I find R2 U' R2' U2' y R2 U' R2' much faster...


----------



## OMGitsSolved (Jul 16, 2011)

JyH said:


> I find R2 U' R2' U2' y R2 U' R2' much faster...


 
+1


----------



## chicken9290 (Jul 16, 2011)

JyH said:


> I find R2 U' R2' U2' y R2 U' R2' much faster...



in the video i also explain that you could do that but with the other one i averaged 1.32. and with the other version i averaged 1.54. so for now ill just be using the original. But thanks


----------



## OMGitsSolved (Jul 16, 2011)

And I don't even think Odder uses that channel anymore. It's Minxer2011, right? How do you know he developed this alg?


----------



## cuberkid10 (Jul 16, 2011)

Becuase he said so himself. I was there.


----------



## OMGitsSolved (Jul 16, 2011)

cuberkid10 said:


> Because he said so himself. I was there.
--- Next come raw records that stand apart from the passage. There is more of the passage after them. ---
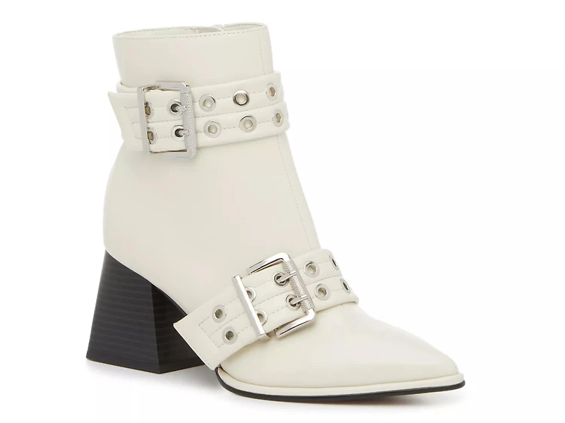 Go for a sleek style with edgy accents. The Naeve bootie from Mix No. 6 features chic details, including a solid block heel and a pointed toe. Complete with moto-inspired straps with silvertone buckles.
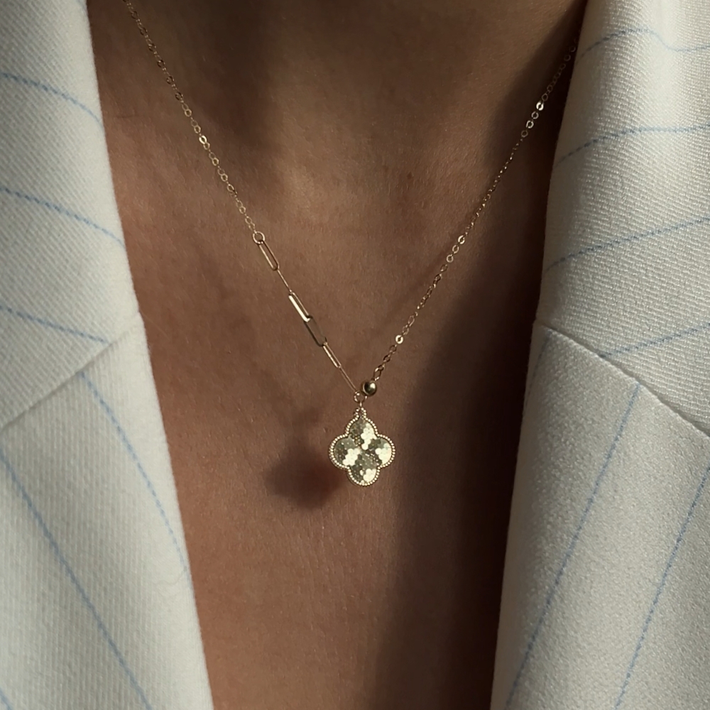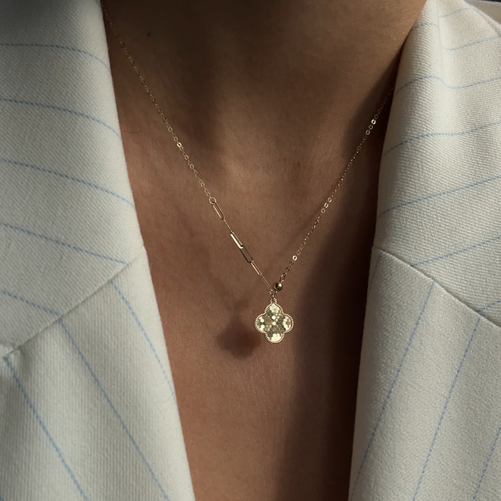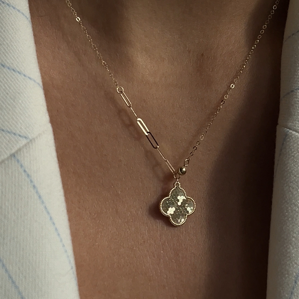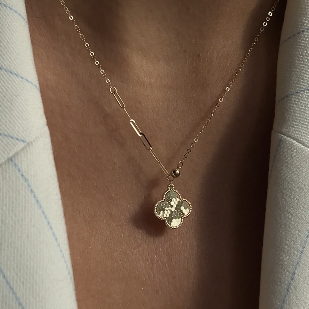 Naszyjnik złoto 585 (14kt) koniczyna marokańska efeftownie lśni efekt brokatu
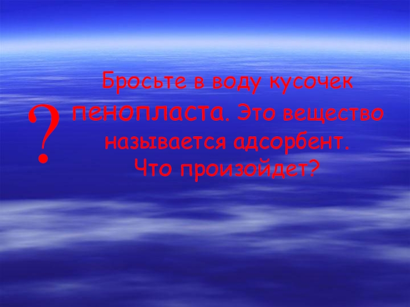 Бросьте в воду кусочек пенопласта. Это вещество называется адсорбент.  Что произойдет??
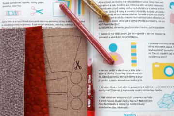 Mini časopis s příběhem a popisem, vystřihovánka, modní návrhy, ale také různé druhy látek nabízí velké množství kombinací!
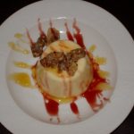 Flan de queso y nueces garrapiñadas
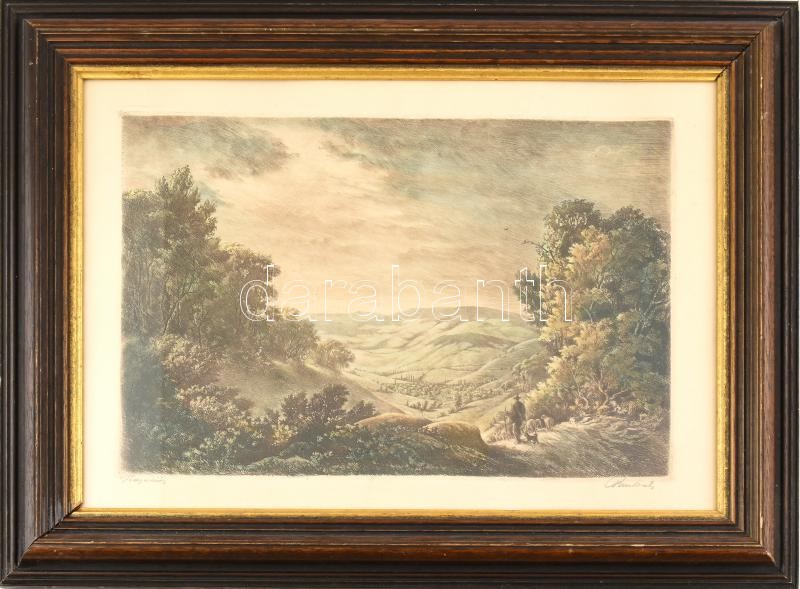 Színezett rézkarc, papír, üvegez... https://www.darabanth.com/de/401-Fernauktion/401.0/Gemalde-und-Grafiken/Gemalde-und-Grafiken~500001/Paulovits-Pal-1892-1975-Hazafele-Szinezett-rezkarc-papir-uvegezett-keretben-jelzett-3~II2458079
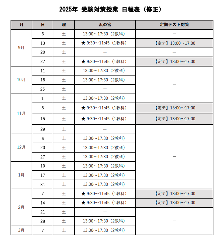 - 試験形式の授業のため、遅刻厳禁(5〜10分前通塾)で通塾してください。
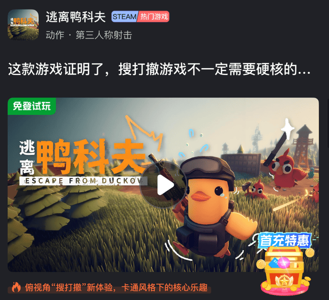 喜欢搜打撤玩法的玩家,最近应该都有关注到一款叫做《逃离鸭科夫》的游戏的上线。
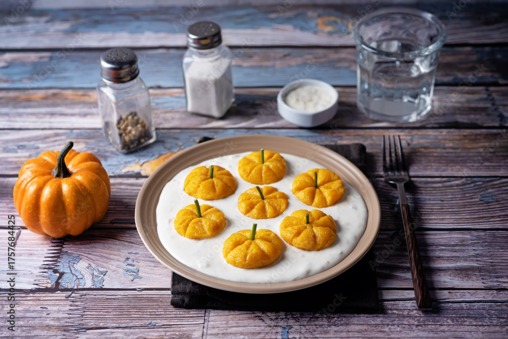 Fresh prepared pumpkin gnocchi in the form of pumpkin with garlic cream sauce
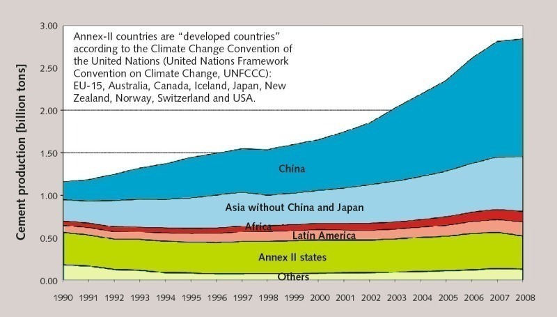 Die globale Zementindustrie wies in der letzten Dekade jährliche Zuwachsraten von ca. 7 % auf (Bild 2). Von 1,16 Mrd. t im Jahr 1990 wuchs die Zementproduktion bis 2008 weltweit auf rund 3 Mrd. t. Dieser Anstieg wurde insbesondere durch die stark wachsenden Märkte Asiens hervorgerufen. Schon 2003 kam ein Drittel der Weltproduktion aus China, 2008 waren es bereits 50 %. Auch wenn die Wirtschaftskrise 2008 zu einem konjunkturellen Einbruch in der Baubranche führte, hat sich die Zementproduktion insbesondere in Asien rasch wieder erholt. Bis 2013 wird ein jährliches Wachstum von 4,1 % vorhergesagt, womit die weltweite Zementproduktion bei 3,4 Mrd. t liegen dürfte.
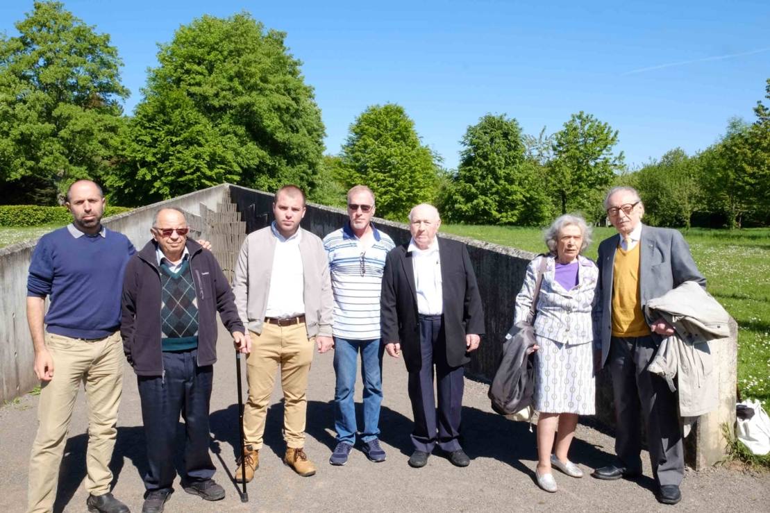 Die ehemaligen Häftlinge Chaim Liss, Nachum Rotenberg und Ivan Moscovich in Begleitung von Angehörigen am Mahnmal für das KZ Ahlem, 2018
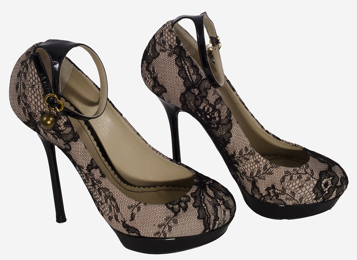 "John Galliano szpilki czarne koronkowe, z paskiem przy kostce, nowe, rozmiar 36."
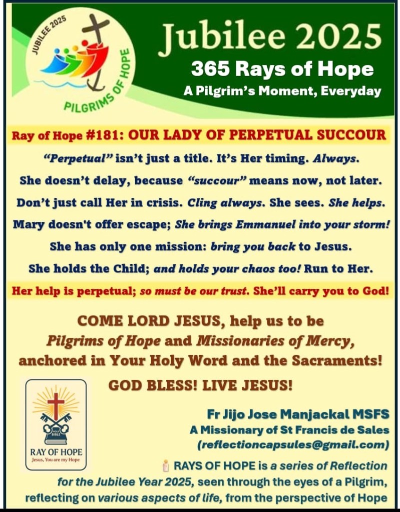 Rays of Hope - Jubilee 2025 stickers Ray of Hope #181: Our Lady of Perpetual Succour June 22, 2025 Fr Jijo Manjackal MSFSLeave a comment Share this: Click to share on X (Opens in new window) X Click to share on Facebook (Opens in new window) Facebook Like Loading...
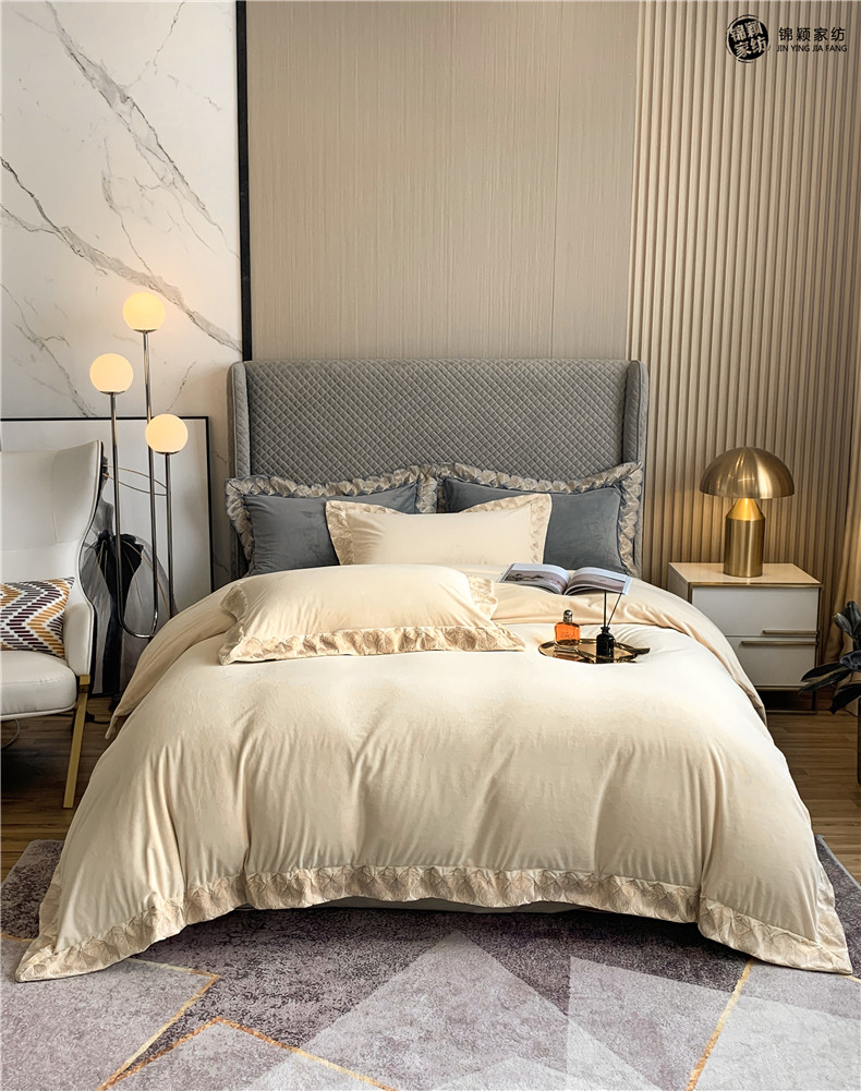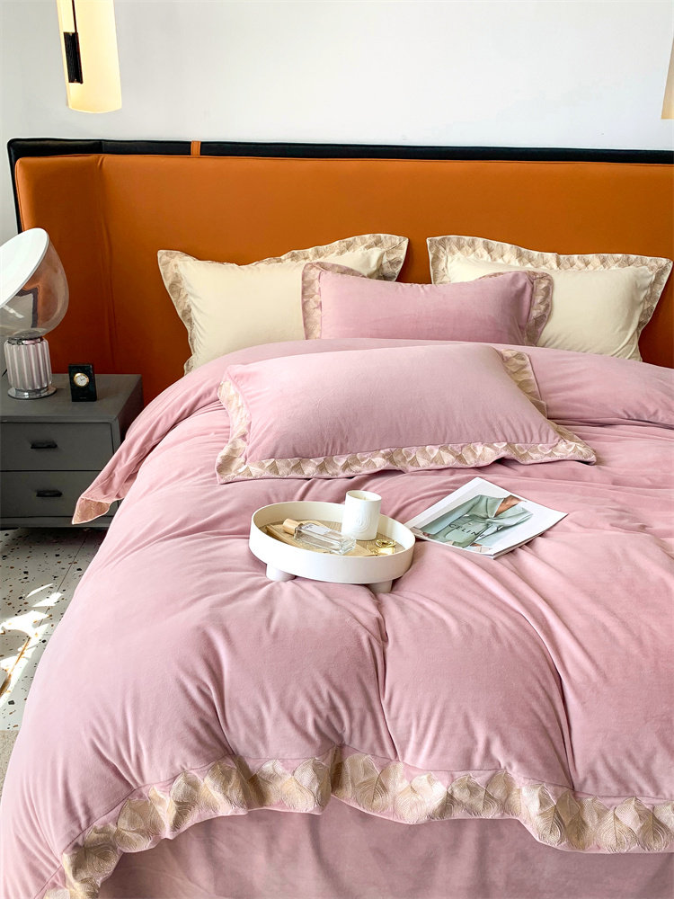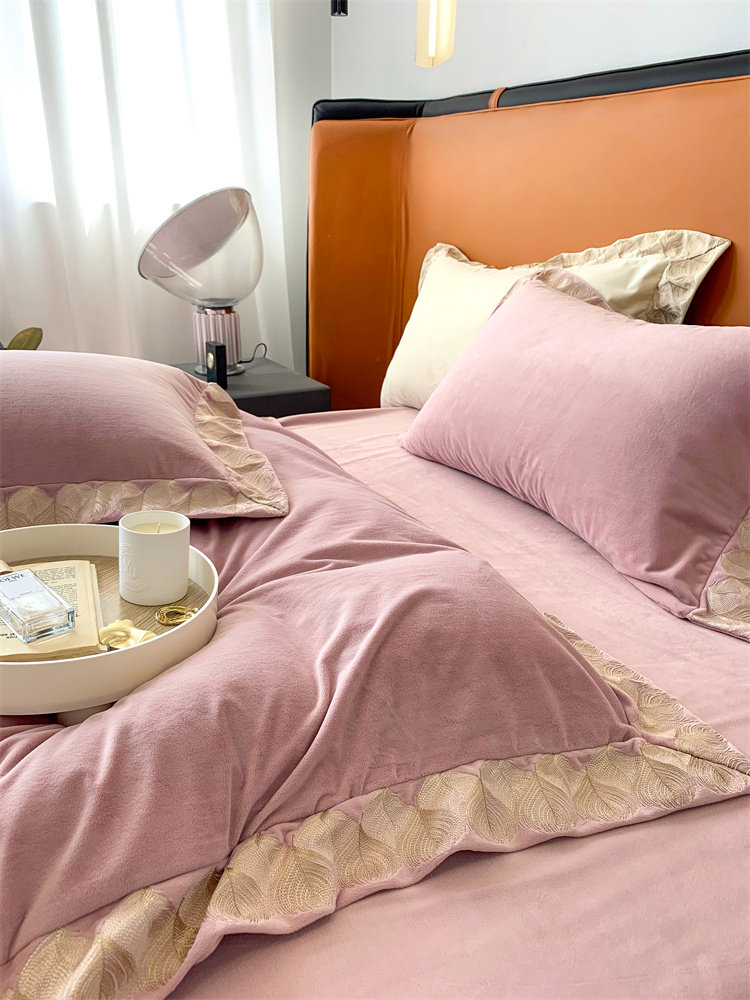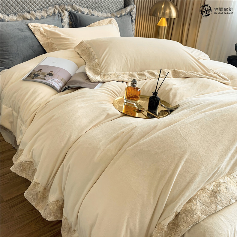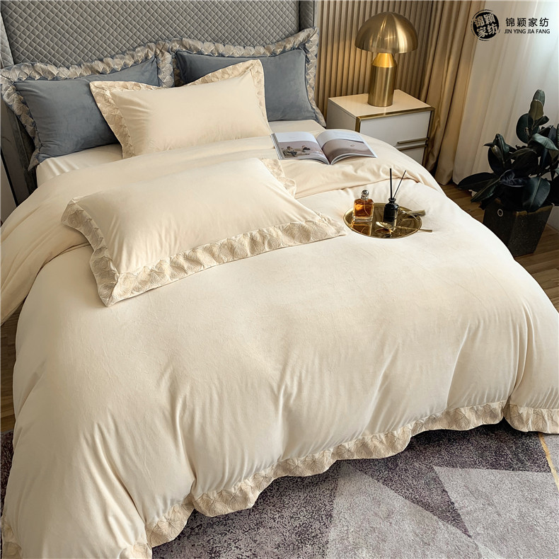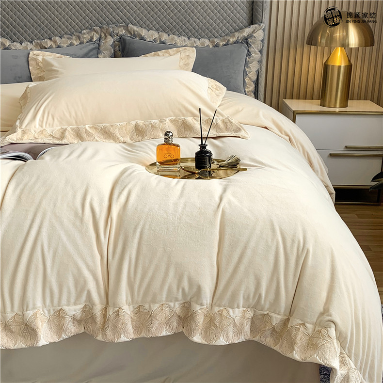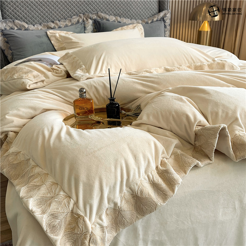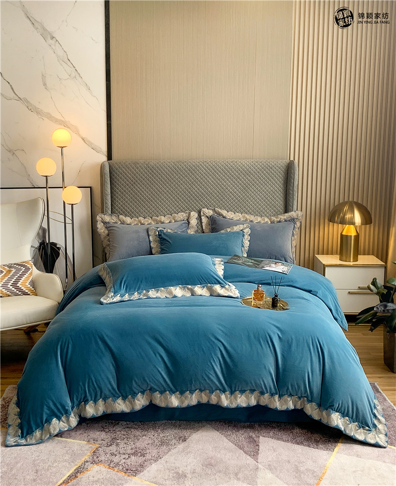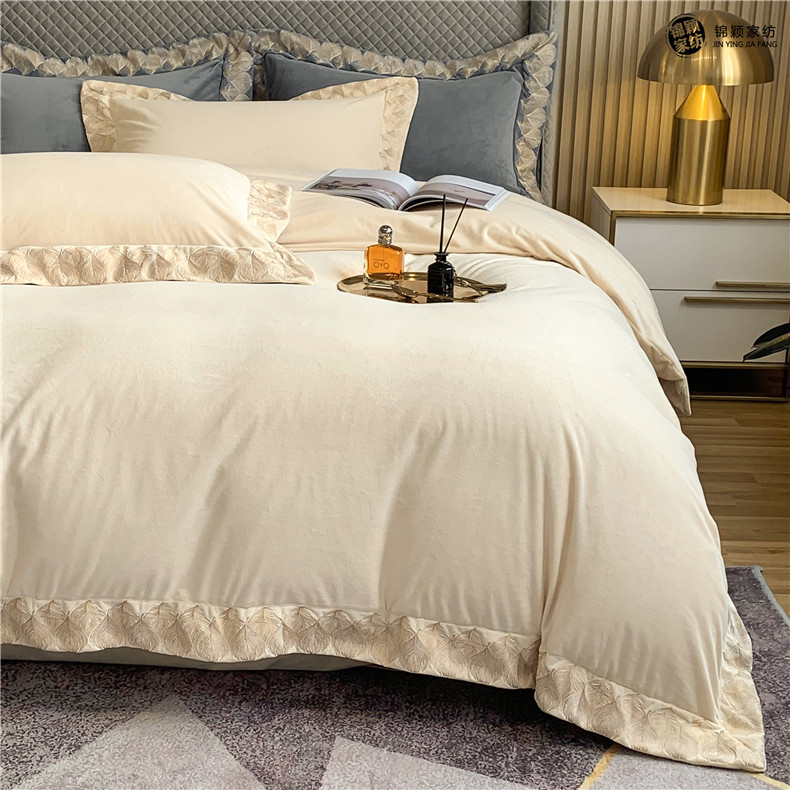 Демисезонные двусторонние бархатные джинсы с начесом, комплект, удерживающий тепло пододеяльник, простыня, 4 предмета, европейский стиль, с вышивкой, 1.8м, постельные принадлежности

Fixed. Yeah, but was it really worthy to make a thread about it?


----------



## chicken9290 (Jul 16, 2011)

OMGitsSolved said:


> And I don't even think Odder uses that channel anymore. It's Minxer2011, right? How do you know he developed this alg?



There were witnesses in the room i doubt he would feel to not tell the truth about the case he made.

He also made other cases that i could put put up like the y perm on top and j perm on bottom


----------



## Stefan (Jul 16, 2011)

Is this a dumb joke or do you really think this is something new?


----------



## nlCuber22 (Jul 16, 2011)

Setup: R U' R' y'

uh how to sorve

d' U R U R'
omg newalg


----------



## blah (Jul 16, 2011)

1. he really thinks this is something new
2. he's still doing it slow
3. because he's doing it wrong


----------



## JyH (Jul 16, 2011)

You sound like a complete kissass the Odder during this video.


----------



## nlCuber22 (Jul 16, 2011)

Ask Shaden how to do this right.


----------



## ben1996123 (Jul 16, 2011)

lololol

troll



Spoiler


----------



## vcuber13 (Jul 17, 2011)

youve never solved a sq1 have you?


----------



## OMGitsSolved (Jul 17, 2011)

nlCuber22 said:


> Setup: R U' R' y'
> 
> uh how to sorve
> 
> ...


 
Lol


----------



## RyanReese09 (Jul 17, 2011)

vcuber13 said:


> youve never solved a sq1 have you?


 
Nice.


----------



## Kirjava (Jul 17, 2011)

even if this was new, new algs don't really need entire topics to themselves. there's a thread for that.


----------